*** Opening Exercise input ***

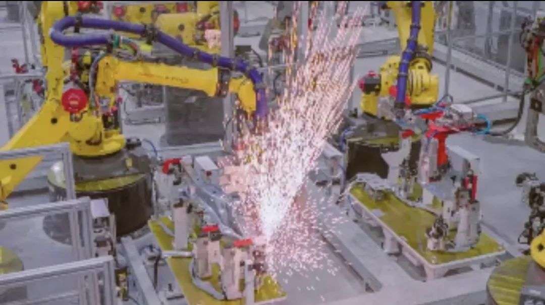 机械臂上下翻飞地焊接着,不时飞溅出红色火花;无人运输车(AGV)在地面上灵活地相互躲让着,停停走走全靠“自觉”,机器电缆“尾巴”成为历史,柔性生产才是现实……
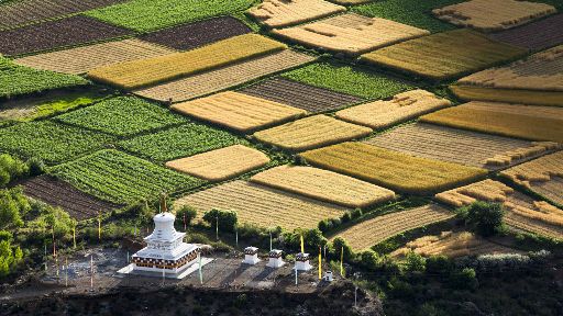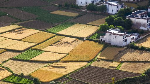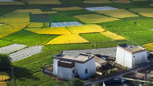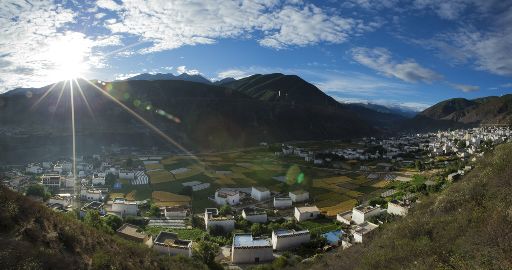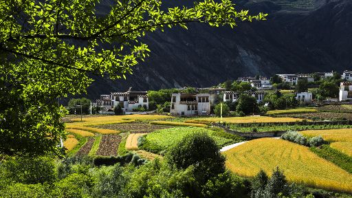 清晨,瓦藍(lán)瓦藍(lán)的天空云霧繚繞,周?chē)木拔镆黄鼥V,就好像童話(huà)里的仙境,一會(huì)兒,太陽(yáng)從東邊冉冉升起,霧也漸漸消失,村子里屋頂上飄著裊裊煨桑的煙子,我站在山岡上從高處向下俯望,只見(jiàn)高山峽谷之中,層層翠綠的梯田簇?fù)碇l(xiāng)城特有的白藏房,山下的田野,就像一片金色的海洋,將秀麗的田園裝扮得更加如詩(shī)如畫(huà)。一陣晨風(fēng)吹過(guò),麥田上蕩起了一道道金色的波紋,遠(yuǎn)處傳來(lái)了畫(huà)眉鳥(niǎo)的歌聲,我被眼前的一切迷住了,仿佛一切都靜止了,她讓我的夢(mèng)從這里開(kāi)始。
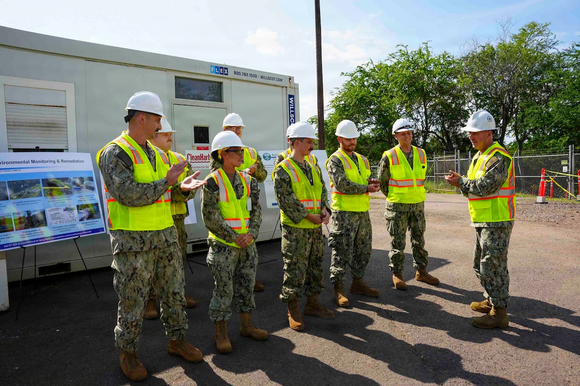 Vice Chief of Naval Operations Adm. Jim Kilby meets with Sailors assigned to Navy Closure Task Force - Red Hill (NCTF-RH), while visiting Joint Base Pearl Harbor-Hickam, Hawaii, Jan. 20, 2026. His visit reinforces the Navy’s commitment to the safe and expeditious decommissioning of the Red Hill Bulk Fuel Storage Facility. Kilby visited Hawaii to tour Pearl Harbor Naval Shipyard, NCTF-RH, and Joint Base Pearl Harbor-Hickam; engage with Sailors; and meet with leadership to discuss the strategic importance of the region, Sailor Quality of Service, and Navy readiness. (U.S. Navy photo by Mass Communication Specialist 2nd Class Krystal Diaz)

*** Closing Exercise input ***
*** Opening Exercise input ***

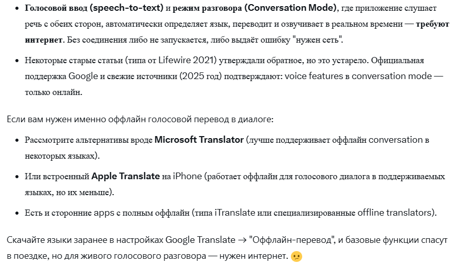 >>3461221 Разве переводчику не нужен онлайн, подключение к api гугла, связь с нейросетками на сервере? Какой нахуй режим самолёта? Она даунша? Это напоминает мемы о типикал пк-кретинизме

*** Closing Exercise input ***

* _Aim of the exercise_
Every line above in the stretch from the one with "机械臂上下翻飞地焊接着,不时" through the one with "Vice Chief of" is to be transcribed exactly, ends included. No picture is copied.

* _Answer for this exercise_
 机械臂上下翻飞地焊接着,不时飞溅出红色火花;无人运输车(AGV)在地面上灵活地相互躲让着,停停走走全靠“自觉”,机器电缆“尾巴”成为历史,柔性生产才是现实……
 清晨,瓦藍(lán)瓦藍(lán)的天空云霧繚繞,周?chē)木拔镆黄鼥V,就好像童話(huà)里的仙境,一會(huì)兒,太陽(yáng)從東邊冉冉升起,霧也漸漸消失,村子里屋頂上飄著裊裊煨桑的煙子,我站在山岡上從高處向下俯望,只見(jiàn)高山峽谷之中,層層翠綠的梯田簇?fù)碇l(xiāng)城特有的白藏房,山下的田野,就像一片金色的海洋,將秀麗的田園裝扮得更加如詩(shī)如畫(huà)。一陣晨風(fēng)吹過(guò),麥田上蕩起了一道道金色的波紋,遠(yuǎn)處傳來(lái)了畫(huà)眉鳥(niǎo)的歌聲,我被眼前的一切迷住了,仿佛一切都靜止了,她讓我的夢(mèng)從這里開(kāi)始。
 Vice Chief of Naval Operations Adm. Jim Kilby meets with Sailors assigned to Navy Closure Task Force - Red Hill (NCTF-RH), while visiting Joint Base Pearl Harbor-Hickam, Hawaii, Jan. 20, 2026. His visit reinforces the Navy’s commitment to the safe and expeditious decommissioning of the Red Hill Bulk Fuel Storage Facility. Kilby visited Hawaii to tour Pearl Harbor Naval Shipyard, NCTF-RH, and Joint Base Pearl Harbor-Hickam; engage with Sailors; and meet with leadership to discuss the strategic importance of the region, Sailor Quality of Service, and Navy readiness. (U.S. Navy photo by Mass Communication Specialist 2nd Class Krystal Diaz)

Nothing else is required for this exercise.